The Velvet Underground - Who Loves the Sun (Alternate Mix) (mp3)


Echorich said...

I am with you with regard to the Esurance commercial. It made me long for the joy of making a mixtape and then dubbing it for a friend...
I started looking on ebay for a good denon or technics dual cassette. I recently purchased both an upgraded USB turntable and a numark analog (I guess you'd call it that) turntable as well, so I think I want to do this again. I have a 2004 Sebring Convertible (yes, thank you for the condolences, but it has never had any of the major fails most Chryslers from the era had) with a cassette deck and single disc player and the deck is in decent shape. So, yeah I think it's about time I tried my hand at some mixtapes.
I have to say that I always approach iTunes playlists like mixtapes. I despise SHUFFLE on any of my iDevices. I can take over an hour to get a 30 track playlist just right. I have always enjoyed listening back to a mixtape or playlist knowing just what comes next.

Brian said...

Hey, Echorich. Quick question. Would you recommend your USB turntable? I had a pretty decent one I was using really late one night for the blog. I was so tired, I left it out. Big mistake. My son got to it in the morning before I did and played pizza maker on it. That was a bad day. I replaced it with a cheaper model that doesn't really work at all. I would like to get a good one this time.

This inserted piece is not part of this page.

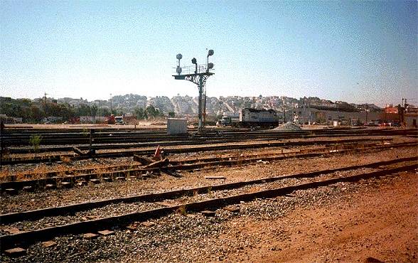 Potrero Hill as seen from Townsend in the middle of the Caltrain railyards that were once under water in Mission Bay.

I, too, make playlists on my iTunes, but I think the main difference with the old days is I'm not listening to the "mixtape" while I'm making it. I like to use the time to think about if the mix is working, as well as read the album sleeves and search the stacks for that next song. You can certainly do that on your computer, but I like to do it in a more physical way. Hope I didn't lose you and everyone else there. Probably just me.